I do not see the usage of unique in your example.

Does that mean the error you're reporting ("X mutations have a wrong reference base") is independent of (any) of the unique commands? Did you check the help of dndscv()?

ADD REPLY • link 5.2 years ago by Friederike 8.9k

0

Entering edit mode

Everything happened when I tried to remove duplicates; I run these package with original file successfully

ADD REPLY • link 5.2 years ago by zizigolu ★ 4.3k

score 1 · Answer 1 · 2019-02-18

1

Entering edit mode

5.2 years ago

Friederike 8.9k

then:

read in the original file into R
use unique(df)
use that dndscv function

and show the entire code and error messages here.

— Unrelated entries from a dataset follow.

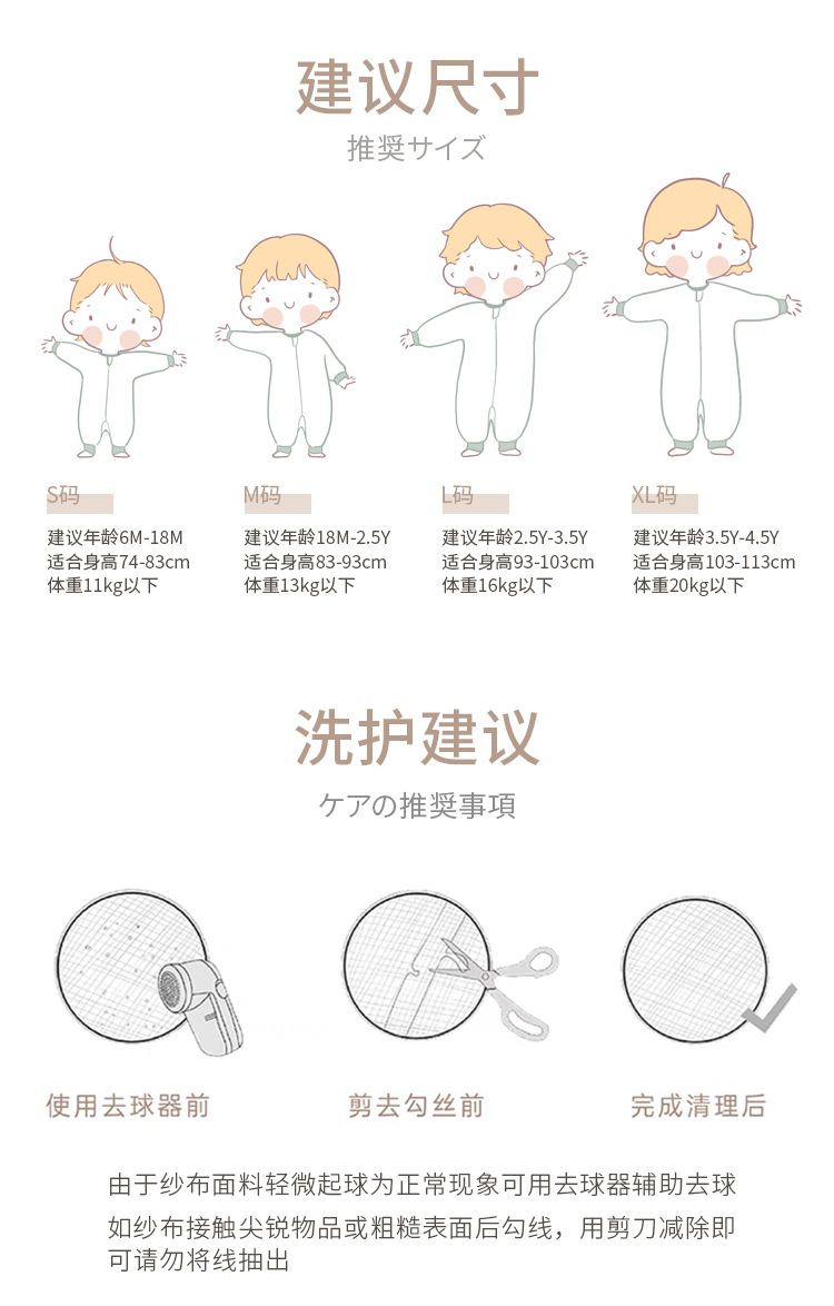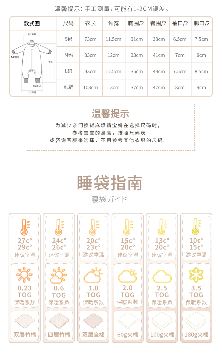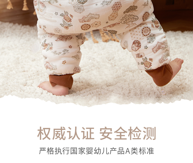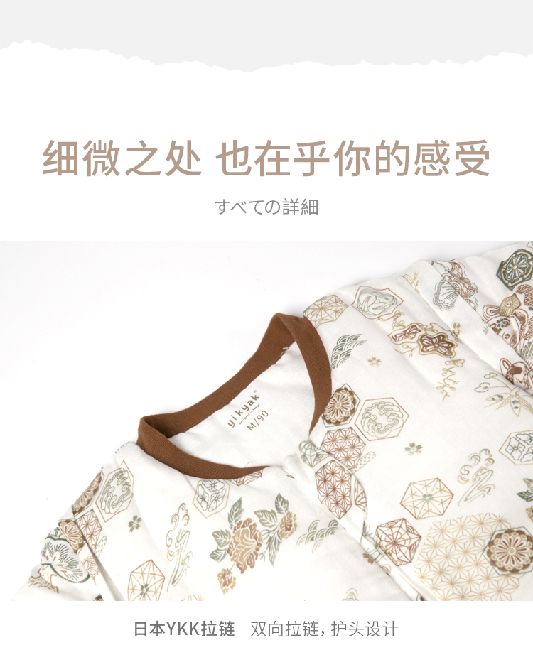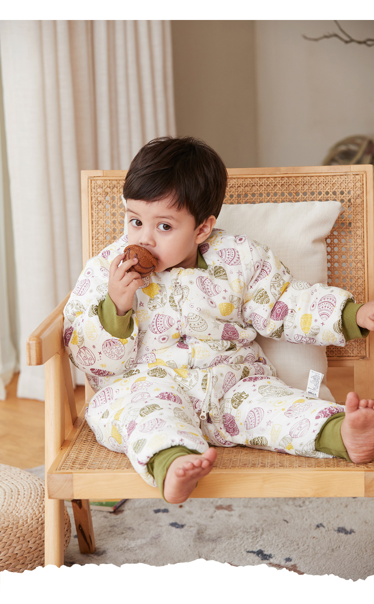 yikyak3.5tog厚夹棉纱布长袖分腿睡袋可拆袖款秋季新款婴儿童新生宝宝防踢被
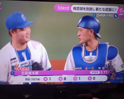 石田裕太郎投手、今シーズン初完封!! 中日打線を1安打完封!! DeNA4-0中日 22日、横浜スタジアム |
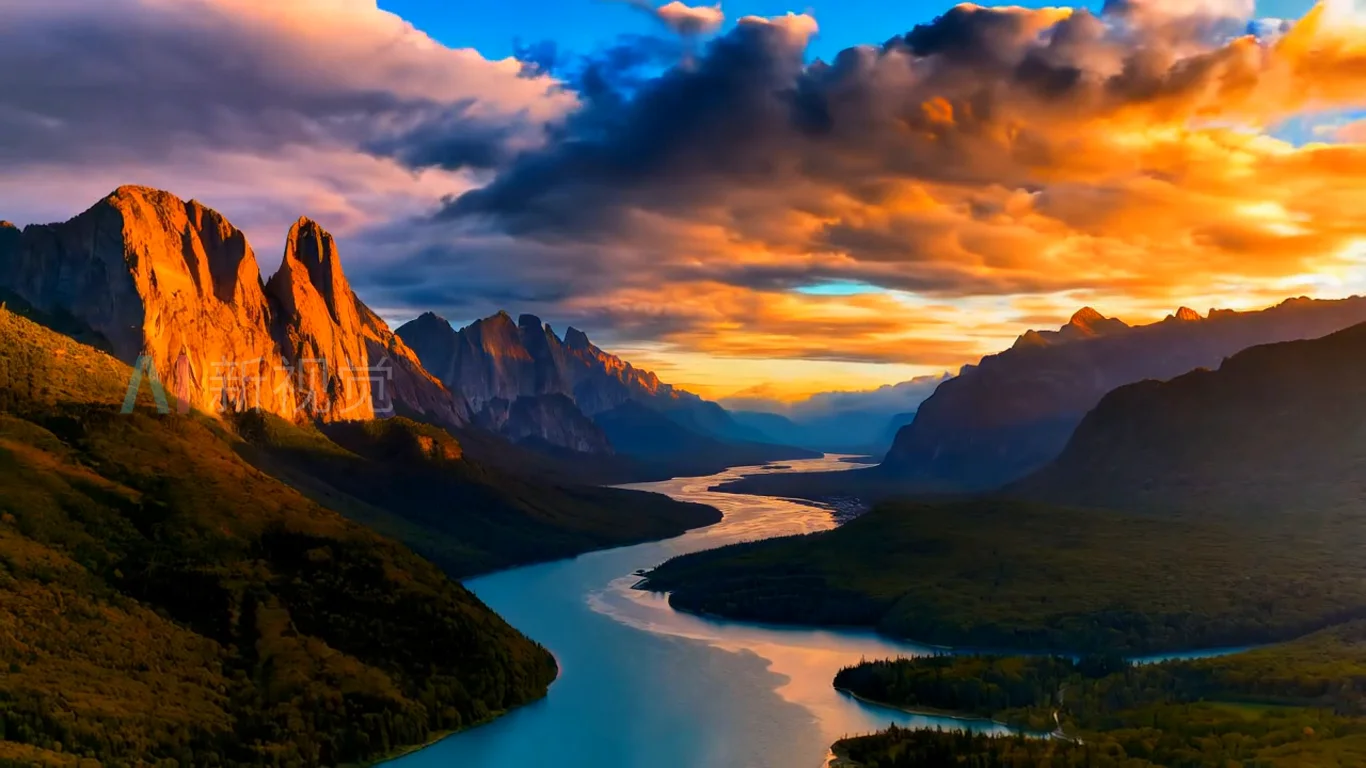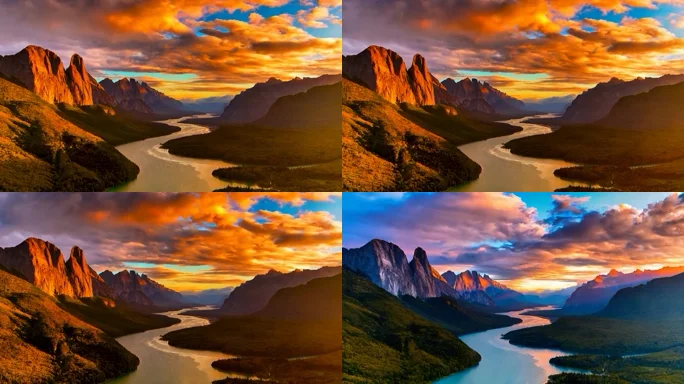 首页 / 视频素材 / AI视频素材(横屏) / 壮丽山河日落时分延时摄影的自然美景
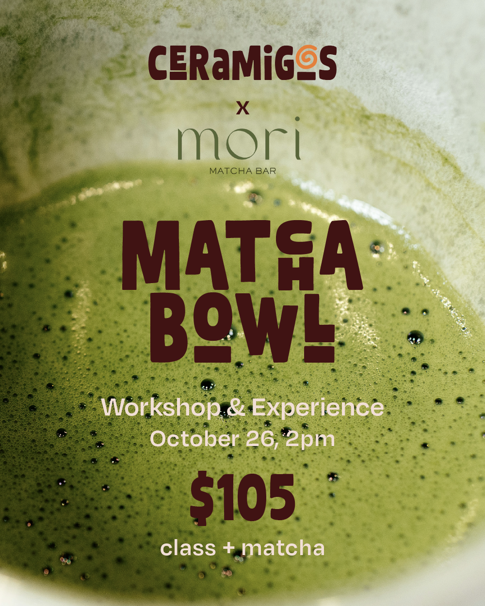 Ceramigos and Mori Matcha Bar are collaborating to bring you this wonderful Matcha Experience. Sip delicious matcha concoctions and learn more about Mori while our clay instructors will teach you how to sculpt your perfect matcha bowl out of clay!
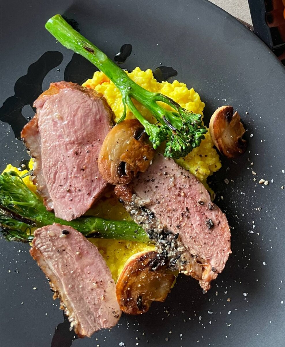 Когда все компоненты готовы, пшенка выкладывается на тарелку, на нее помещаются нарезанные ломтики утки, сверху укладываются обжаренные грибы и брокколи. Блюдо вызывает восхищение и гарантированно станет украшением любого стола.
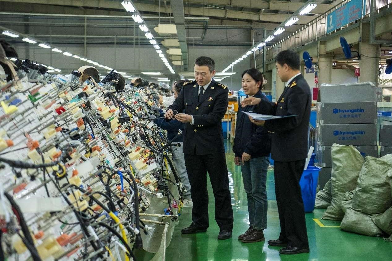 Customs officers of Huaibei, east China's Anhui province launch inspection in a workshop of a local company. (People's Daily Online/Xiao Benxiang)
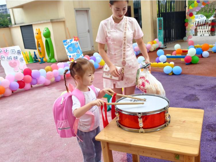 一进园,孩子们跨过一排排小跨栏,迈向新学期新旅程,大家鼓足劲儿,就像小战士一样勇敢,每一步都带着对新学期的期待。敲敲小鼓,一鼓作气;摸摸苹果,平平安安;摸摸橘子,大吉大利;摸摸大葱,聪明伶俐,充满仪式感的“摸彩头”让孩子们切身感受到祝福:祝福他们在新的学期里勇往直前、平安顺遂、聪明伶俐,开心健康!

ADD COMMENT • link 5.2 years ago by Friederike 8.9k

0

Entering edit mode

Sorry, after using unique(df) software worked, thank you

ADD REPLY • link 5.2 years ago by zizigolu ★ 4.3k

score 1 · Answer 2 · 2019-02-19

1

Entering edit mode

5.2 years ago

zx8754 11k

There error message from dndscv is not about unique issue. Do not remove duplicates, dndscv keeps only one mutation per gene, regardless of number of sample numbers.

The error is about the genome assembly/species, i.e., positions and ref/alts do not match with dndscv database. Because it is not the same genome, dndscv is discovering more mutations than expected: "exceeding the limit of mutations per gene"

From manuals, ensure you are using "GRCh37/hg19 human genome":

By default, dNdScv assumes that mutation data is mapped to the GRCh37/hg19 assembly of the human genome. Users interested in trying dNdScv on a different set of transcripts, a different assembly or a different species can follow this tutorial.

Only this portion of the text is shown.